• HYPOTHESIS
    • Accurate differentiation between inflammatory and neoplastic tumors of the pancreas remains a diagnostic dilemma for surgeons. The aim of the study was to assess the utility of 2 neoplastic markers, cancer antigen (CA) 19-9 and CA 125, in the differential diagnosis of pancreatic tumors.
  • DESIGN
    • The patients were assigned to a malignant or benign group based on cytological and histological evaluation of pancreatic lesion samples. The serum from each patient was tested for CA 19-9 and CA 125.
  • SETTING AND PATIENTS
    • One hundred ten patients with heterogeneous pancreatic lesions (inflammatory and malignant tumors) treated at a surgical department of a university hospital were analyzed.
  • INTERVENTIONS
    • Samples for cytological and histological evaluation were taken during ultrasonography-guided fine-needle aspiration biopsy or open surgery.
  • MAIN OUTCOME MEASURES
    • Sensitivity, specificity, and positive and negative predictive values of each test in the differential diagnosis of pancreatic tumors were determined.
  • RESULTS
    • The sensitivity, specificity, positive predictive value, and negative predictive value of the CA 19-9 test were 80.8%, 89.1%, 93.7%, and 89.2%, respectively.
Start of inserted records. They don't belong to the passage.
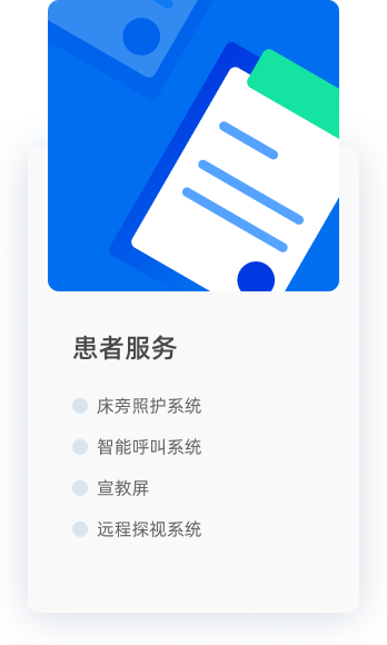 通過床旁交互終端,一屏打通住院場景,為住院患者提供全方 位住院信息服務,打造住院服務中心,讓信息服務無處不在,構建有溫度的住院病房。
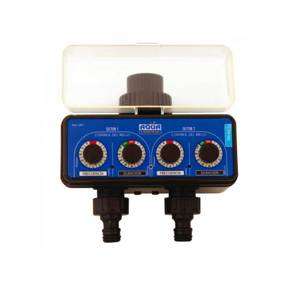 Este programador permite usarlo para dos zonas de riego usando un solo grifo.
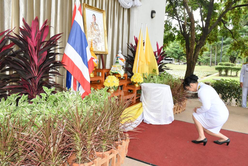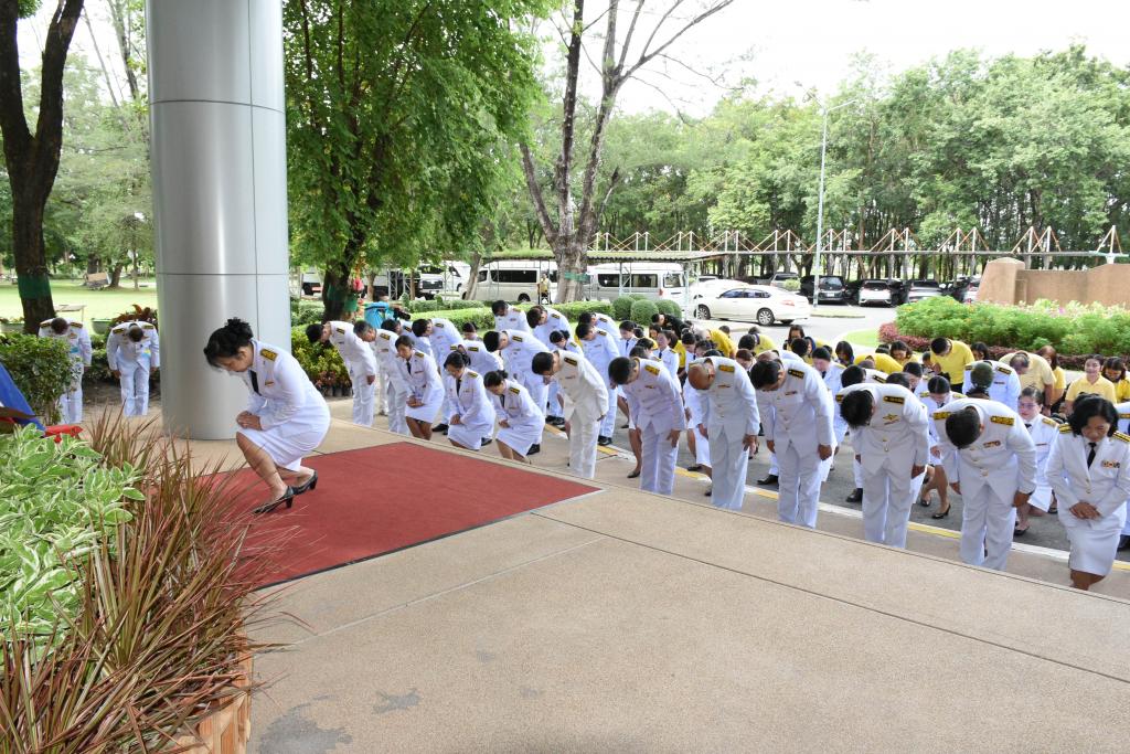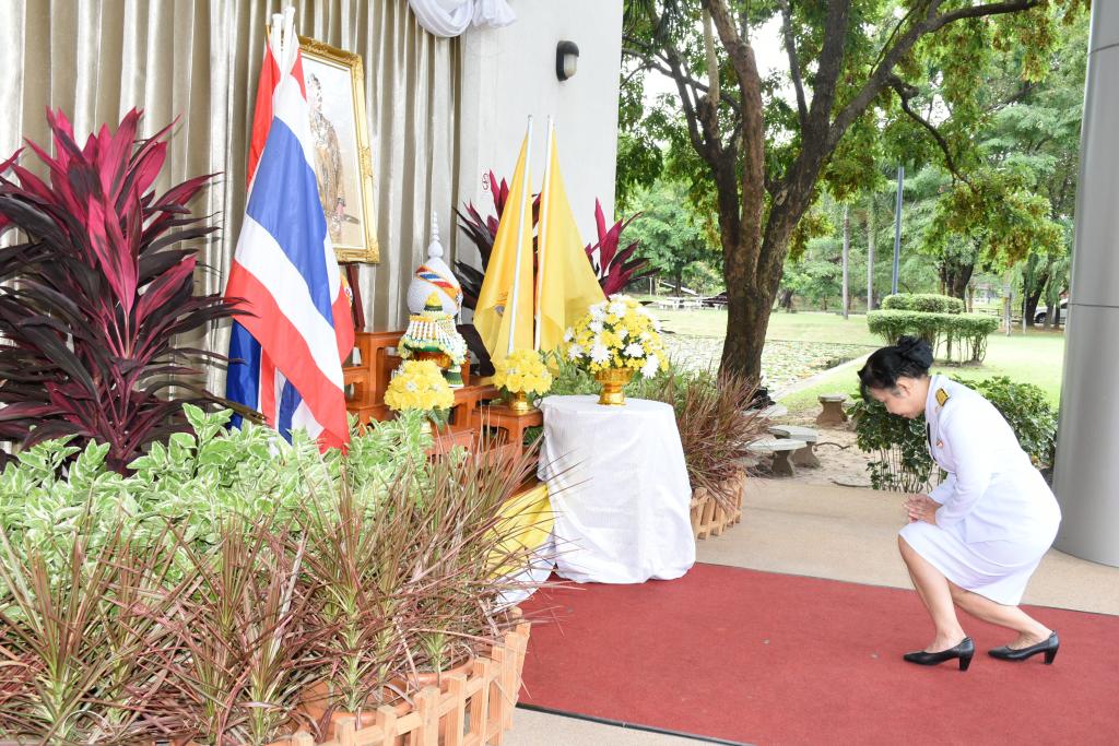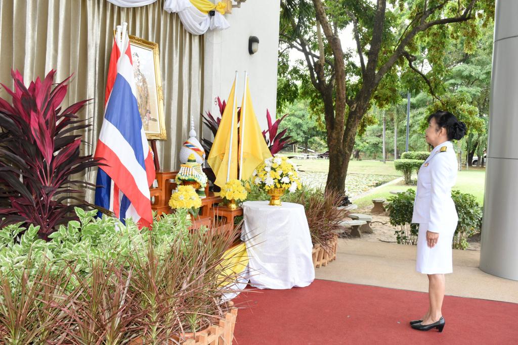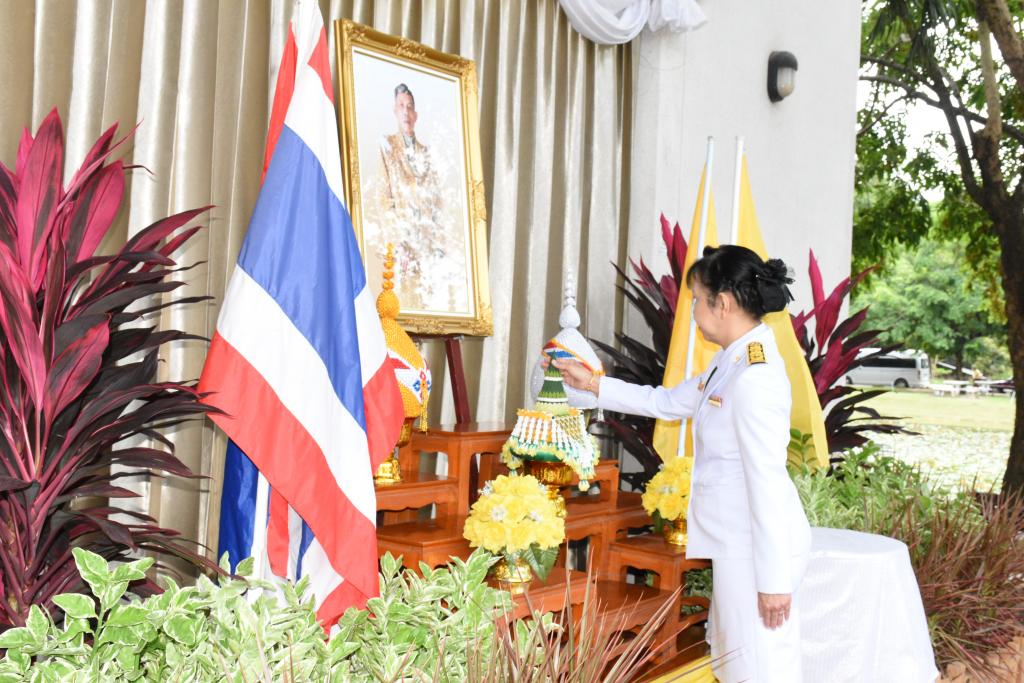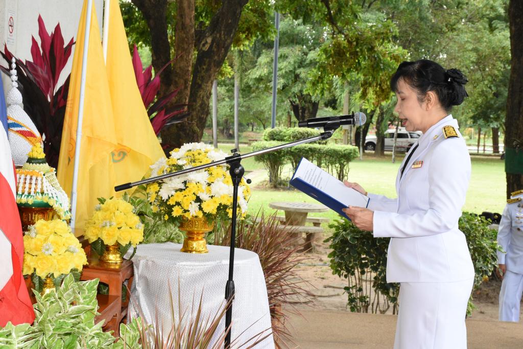 ณ มหามงคลสมัยนี้ ข้าพระพุทธเจ้า ขอพระราชทานพระบรมราชานุญาต เชิญชวน ข้าราชการ พนักงาน และบุคลากร ตั้งจิตพร้อม น้อมอธิษฐาน ขออานุภาพแห่งคุณพระศรีรัตนตรัย และอำนาจแห่งสรรพสิ่งศักดิ์สิทธิ์ในสากล โปรดดลบันดาลประทานชัยมงคลแด่ พระบาทสมเด็จพระปรเมนทรรามาธิบดี ศรีสินทรมหาวชิราลงกรณ มหิศรภูมิพลราชวรางกูร กิติสิริสมบูรณอดุลยเดช สยามินทราธิเบศรราชวโรดม บรมนาถบพิตร พระวชิรเกล้าเจ้าอยู่หัว ผู้ทรงพระคุณอันประเสริฐ ให้ทรงพระเจริญยิ่งยืนนาน โรคาพาธประลาตร้างห่างไกลมีพระพลานามัยแข็งแรงสมบูรณ์ ทรงพระเกษมสำราญ พระบรมเดชานุภาพ แผ่ไพศาล สถิตสถาพรในไอศูรย์สิริราชสมบัติ เป็นพระมิ่งขวัญร่มฉัตรปกเกล้าเหล่าพสกนิกรตลอดจิรัฐิติกาล”

The sensitivity, specificity, positive predictive value, and negative predictive value of the CA 125 test were 60.8%, 83.3%, 88.2%, and 50.8%, respectively. The sensitivity and specificity of a combined evaluation of both CA 19-9 and CA 125 tests were 87.8% and 77.8%, respectively.
  • CONCLUSIONS
    • Taking into account the high but still limited sensitivity and specificity of the CA 19-9 and CA 125 tests, their results in the differential diagnosis of pancreatic tumors should be interpreted consistently and in reference to imaging techniques such as ultrasonography and computed tomography.